Earlier this year, Medical Properties Trust (MPT), the largest hospital real estate firm in the U.S., entered a recapitalization agreement, in which its affiliate, Prospect Medical Holdings (PMH), would pay off its material debts and lease obligations with $375 million from third-party lenders, using the money to liquefy operations at its 17 hospitals and over 165 clinics and outpatient centers, and scale its managed care business, PHP Holdings. The deal would leave it with only debts it owed to MPT and the third-party lenders, with MPT receiving equity in PHP, instead of cash payment for loans, unpaid rent, and other outstanding amounts.
When announced in May, MPT called it a done deal.
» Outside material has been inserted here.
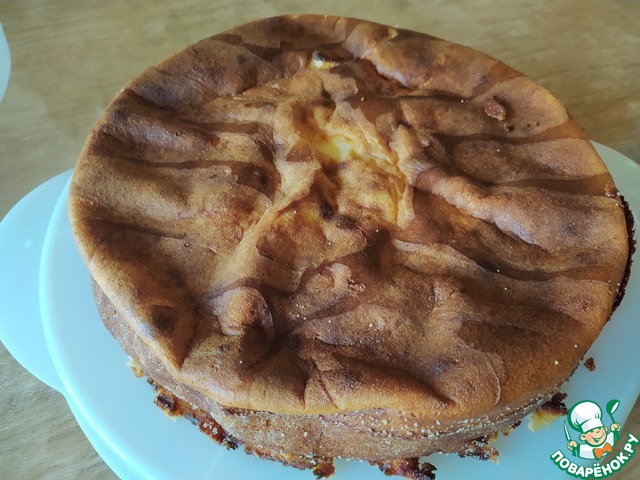 [+3]Вот только яблоки у меня при переворачивании отделились от "теста". И единого десерта не получилось. Пришлось сложить яблоки на запеканку и перевернуть назад чтобы , не портить вид запеканки.

But a recent Wall Street Journal Story
revealed that the California Department of Managed Health Care (DMHC) placed a hold on the transaction in July to obtain more information — a fact that MPT failed to disclose in its second-quarterly earnings statement.
Not disclosing holds risks negatively affecting credit and disrupting debt repayment plans for all parties involved. It also risks straining relationships with creditors and lenders and can lead them to pursue legal action, among other consequences.
In a statement, MPT called the article "false and misleading," saying that holds like this are a “standard, expected, and noncontroversial part of the approval process for this transaction,” and that it has been advised that the chances of regulators not approving the transaction are “highly unlikely.”
"In the unlikely event that the regulator does not grant approval for the transaction, MPT's investment in PHP would remain a convertible note with identical economics to equity ownership. As a result, DMHC's request was deemed immaterial to MPT's financials and thus did not require disclosure,” said MPT.
It maintains that it legally complied with accounting requirements in the report about its $68 million equity investment as part of its earnings for that quarter and that the DMHC approval process was entirely unrelated.
It also accused the Journal of “wholly disregarding” information it supplied about the transaction and its investment in PHP, and of proceeding with the story without giving Prospect a chance to clarify necessary details, despite the hospital operator saying that it would.
Amid rising interest rates and tighter margins, MPT is facing a period of contraction, and has been lending financial support to its affiliates, including Prospect and Steward Health Care,
reported financial global news outlet PYMNTS.
According to Benzinga, MPT will continue to look at refinancing, sales, and joint venture options for repaying debt, and has identified certain non-leased and non-real estate assets to be sold. It will also scale back discretionary operating expenses.
MPT was formed in 2003 in Alabama and has grown to manage 444 facilities and approximately 44,000 licensed beds in ten countries and across four continents.